FAQs for Faculty and Staff: Privacy of Student Records

Q: Where can I find more information pertaining to the confidentiality of student records? [show]

A: See Privacy of Student Records for information about your responsibility to maintain the privacy of student records in accordance with the Federal Educational Rights and Privacy Act of 1974, as Amended. At this location, you'll also find a link to an online FERPA training.

Q: Can I post a list of grades with student ID numbers? [show]

A: Under no circumstance should a list of student ID numbers and grades be posted. The student ID number and grades are confidential information, and posting them is a violation of FERPA. Posting of partially masked student ID numbers is not acceptable. Grades should not be posted using partially masked digits of a student number or social security number because even such a truncated number may constitute personally identifiable information.
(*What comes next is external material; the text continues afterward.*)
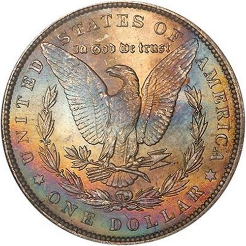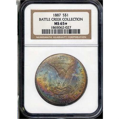 1887 Morgan Dollar. Lovely shades of color on the reverse centered around blues and amber-with-lavender shades. Thoroughly original, a solid Gem MS65 in its own right, as well. (#7172)<p><i>from The Battle Creek Collection, Part III</i>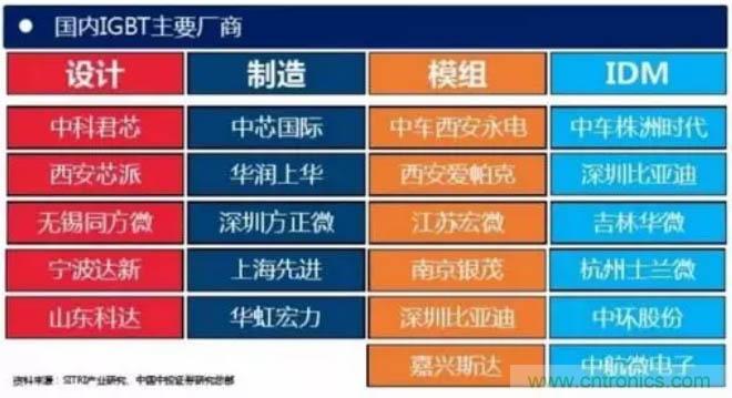 從公司來看,國外研發(fā)IGBT器件的公司主要有英飛凌、 ABB、三菱、西門康、東芝、富士等。中國功率半導(dǎo)體市場占世界市場的50%以上,但在中高端MOSFET及IGBT主流器件市場上,90%主要依賴進口,基本被國外歐美、日本企業(yè)壟斷。

Q: Can I distribute exams in a bin outside my office? [show]

A: No. Exams are considered confidential student records. You may not place graded, identifiable student work in the hallway or an unmonitored area for students to pick up.

Q: Can I share a student’s grades and evaluations with her parents? You receive a telephone call from the parent of a student. “My daughter is majoring in biology. I want to know what courses she took, the grades and evaluations she received, her GPA, and her current academic status. Can you please help me?” You have access to the student’s academic records. How would you respond to the parent? [show]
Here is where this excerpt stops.